Communication between me and the pubs is a bit garbled. And it all has to do with beer. I order a half pint and they give me a full pint. This has happened on several occasions causing me to question my identity. Am I in denial? Does everyone see the full-pint girl waiting to emerge from my self-imposed half-pint persona? While I am happy to finish the pint, I wonder, “Am I suppressing the full-pint girl within?” Before I answer this question, it is necessary to look at all the possibilities for this phenomena.
It is possible that my tendency to mutter and my American accent contribute to this problem. I have changed the way I order, varying my wording or enunciating each word clearly. My friend has listened and monitored my ordering technique, but found nothing wrong with the way I order. A reasonable argument is that I’m an easy mark. It is true that I won’t make them pour a smaller glass. There is no obvious reason for giving me a larger glass of beer unless people who drink more order more food. There isn’t much of a culture for tipping bartenders here, so plying me with more alcohol doesn’t lead to a better gratuity.
Am I exploring this new identity by ordering a half pint, but projecting my wish for a full pint? My psyche says “Be a pint girl. Be bold!” I think about the ramifications of becoming a full-pint girl. A full-pint girl makes the bartender laugh and she chats easily with other customers at the bar. She knows who she is and she knows what she wants out of life. A full-pint girl puts on that old swimsuit and parades on the beach wearing her pasty skin with pride. She marches right down to the water and dips her foot into the English Channel. I’m not sure a full-pint girl gets into the cold water. She has more sense than that.

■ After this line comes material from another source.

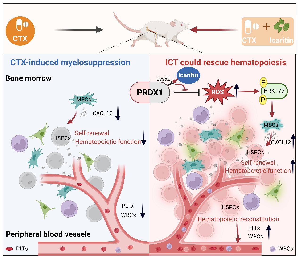 beat365交叉科学研究院团队揭示淫羊藿素靶向PRDX1-MAPK轴改善化疗后间充质干细胞的造血功能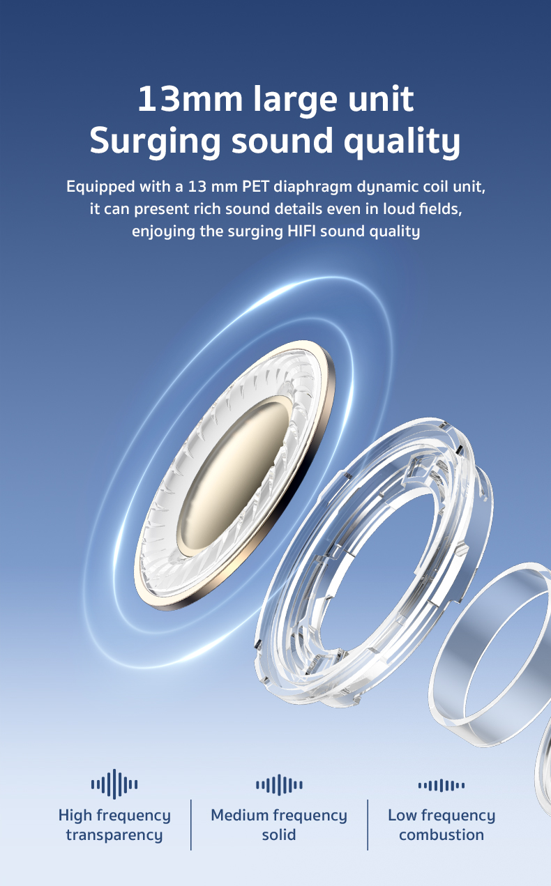 Được trang bị Bộ cuộn dây động của màng loa Pet 13 MM, anh ấy có thể mang lại chi tiết âm thanh phong phú ngay cả trong trường lớn, tận hưởng chất lượng âm thanh của HLFL

A full-pint girl doesn’t stew about or question her next move. She opens the map, closes her eyes, and points to her next destination. Okay, so she might have to hike a bit when the bus drops her at Nobody Goes Here Beach and a mile from the nearest village. That doesn’t stop the full-pint girl. She’s ready for anything.
A full-pint girl says “Bring on the chips. Reagan said if I dip them in ketchup, I can count them as two veggies.” She needs that pint to wash down four pounds of potatoes.
A full-pint girl doesn’t lug her suitcase up every stairwell. She waits for the men who will argue over who wins the privilege of throwing out his back.
She walks along The Cobb in Lyme Regis without a care. If the wind blows her off the rocks or she slips on the wet surface and slides into the rough sea below, someone will save her. A full-pint girl doesn’t rely on her over-packed backpack to keep her anchored and she certainly doesn’t sit to make her way down the narrow steps back to the beach. No way. She stands at the end, like Moses, and tempts the gods with her audacity.
The full-pint girl can find the toilets after drinking her pint.
I do see signs that I might just make that leap to a full-pint girl. When the seas are rough and the ferry rolls and stomachs churn, my stomach is iron. When I was a child, I had to ride the Tilt-o-Whirl seventeen times before I was sick. However, there were plenty of full-pint girls hanging their heads on our way to Guernsey. So if I become a full-pint girl, will I get seasick?
Naw. I’m not ready to become a full-pint girl. Would you PLEASE make that a half?